Instructions to follow:
The records below need to come back exactly as they are, pictures omitted.

Recorded information:

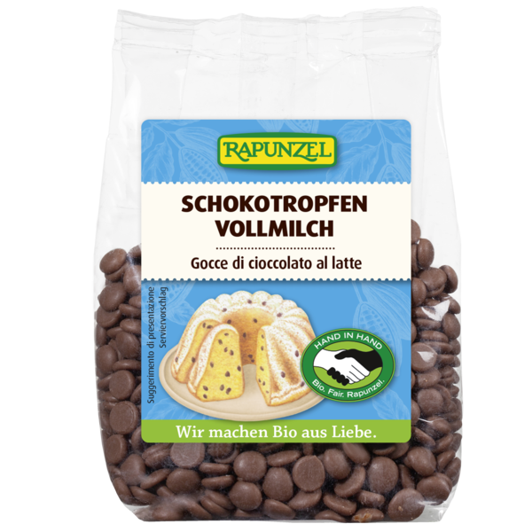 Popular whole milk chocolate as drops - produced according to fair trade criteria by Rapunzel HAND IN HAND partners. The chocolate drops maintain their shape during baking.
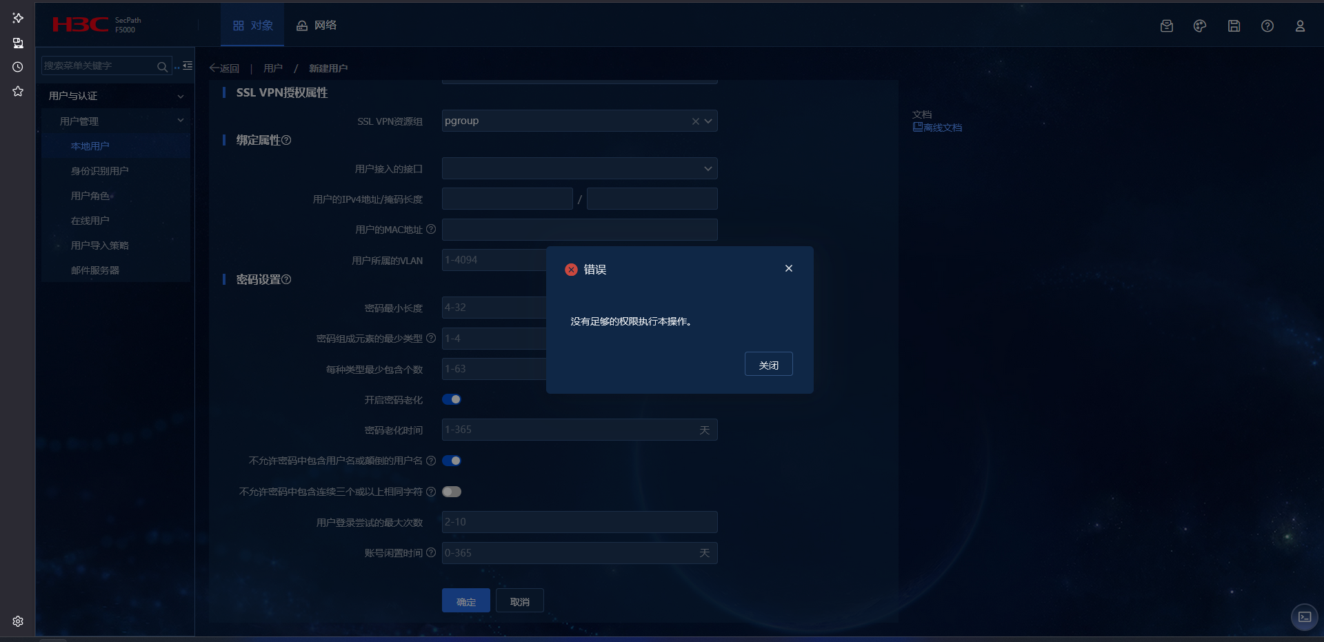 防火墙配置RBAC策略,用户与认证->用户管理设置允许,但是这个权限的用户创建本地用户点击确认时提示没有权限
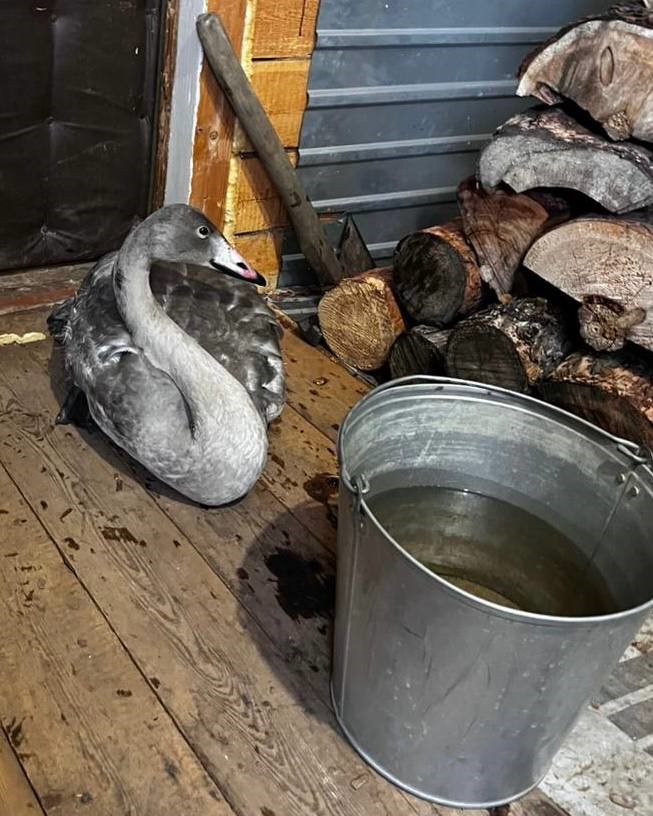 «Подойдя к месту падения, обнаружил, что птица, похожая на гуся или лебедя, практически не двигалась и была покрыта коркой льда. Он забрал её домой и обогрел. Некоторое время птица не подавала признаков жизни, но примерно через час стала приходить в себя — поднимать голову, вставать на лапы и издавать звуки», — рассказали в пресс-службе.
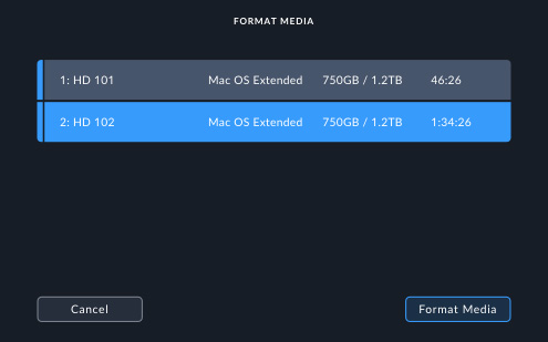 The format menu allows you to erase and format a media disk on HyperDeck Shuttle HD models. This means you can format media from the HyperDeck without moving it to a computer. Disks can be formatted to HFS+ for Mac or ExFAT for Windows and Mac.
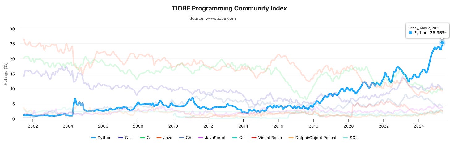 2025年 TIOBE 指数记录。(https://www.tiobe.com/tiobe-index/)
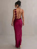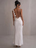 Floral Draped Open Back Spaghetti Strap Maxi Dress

Solution for this task:
 Popular whole milk chocolate as drops - produced according to fair trade criteria by Rapunzel HAND IN HAND partners. The chocolate drops maintain their shape during baking.
 防火墙配置RBAC策略,用户与认证->用户管理设置允许,但是这个权限的用户创建本地用户点击确认时提示没有权限
 «Подойдя к месту падения, обнаружил, что птица, похожая на гуся или лебедя, практически не двигалась и была покрыта коркой льда. Он забрал её домой и обогрел. Некоторое время птица не подавала признаков жизни, но примерно через час стала приходить в себя — поднимать голову, вставать на лапы и издавать звуки», — рассказали в пресс-службе.
 The format menu allows you to erase and format a media disk on HyperDeck Shuttle HD models. This means you can format media from the HyperDeck without moving it to a computer. Disks can be formatted to HFS+ for Mac or ExFAT for Windows and Mac.
 2025年 TIOBE 指数记录。(https://www.tiobe.com/tiobe-index/)
 Floral Draped Open Back Spaghetti Strap Maxi Dress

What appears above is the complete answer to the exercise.